Edit: I have found yet another way of writing the same quantity:
$$\sum_{q=0}^{N} {N \choose q}^2 x^{q} = \\ = \frac{1}{ {2N \choose N} } \sum_{p,q=0}^N \, \sum_{r=\max(0, \, q+p-N)}^{\min (q, \, p)} \, \sum_{s=\max (0, \, q-p)}^{\min (q, \, N-p)} {N \choose p} {N \choose N-p} {p \choose r} {N-p \choose s} {N-p \choose q-r} {p \choose q-s} x^q $$
This one looks simpler than the previous one, since for instance here $x$ is decoupled from the sums in $s$ and $t$. Again I have tried Egorychev method on the RHS, which allows you to write the sums in $s$ and $t$ as complex contour integrals, and then you can easily choose your limits in the sum to be whatever is more convenient so that you can actually compute the sums in $r$ and $s$. But in exchange you now have four complex contour integrals (one for every summation limit you want to "kill"), so I don't know if this is simpler. I suspect there must be a more general identity relating all three expressions them. Any suggestions?
OK I think I have a partial answer that might help prove the second identity by definition. However, I still don't know how this would apply to the first identity. Moreover, I would still like to understand this in a more general way. Therefore I will leave the bounty open. I am only writing this answer to perhaps help someone else to give a full answer.
Basically the trick is the definition of the Hypergeometric function or, in general, the Generalized hypergeometric function.

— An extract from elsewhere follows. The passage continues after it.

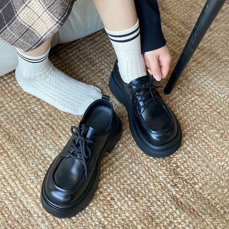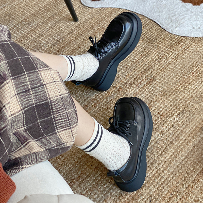 喵唔的天空2025年新款学院风厚底小皮鞋女百搭休闲系带加绒单鞋

A sum
$$ \phi = \sum_{n \geq 0} \beta_n z^n$$
is a Generalized hypergeometric function if the fraction $\beta_{n+1}/\beta_n$ is some rational function of $n$. In particular, the above sum is defined to be the Generalized hypergeometric function $_pF_q (a_1, ..., a_p ; \, b_1, ..., b_q ; \, z)$ if the sum coefficients satisfy (up to some overall factor that can be reabsorbed in $z$)
$$\frac{\beta_{n+1}}{\beta_n} = \frac{(a_1+n) ... (a_p+n)}{(b_1+n) ... (b_q + n)(1+n)}$$
where the $a$'s and $b$'s are just the roots of the polynomials on the numerator and the denominator respectively. One can check straightforwardly that the sum
$$\sum_{q=0}^N { N \choose q }^2 x^q$$
gives $\frac{\beta_{q+1}}{\beta_q} = \frac{(-N+q)^2}{(1+q)^2}$. Now for the second sum
$$ \frac{1}{ {2N \choose N} } \sum_{p,q=0}^N \, \sum_{r=\max(0, \, q+p-N)}^{\min (q, \, p)} \, \sum_{s=\max (0, \, q-p)}^{\min (q, \, N-p)} {N \choose p} {N \choose N-p} {p \choose r} {N-p \choose s} {N-p \choose q-r} {p \choose q-s} x^q $$
I don't know exactly how one can compute it, but Mathematica does give me $\frac{\beta_{q+1}}{\beta_q} = \frac{(-N+q)^2}{(1+q)^2}$. So they are both equal to $_2F_1(-N, -N; 1; x)$.
I don't know how one can check this for the first sum since there the exponent of $x$ is not just $q$. Suggestions are welcome.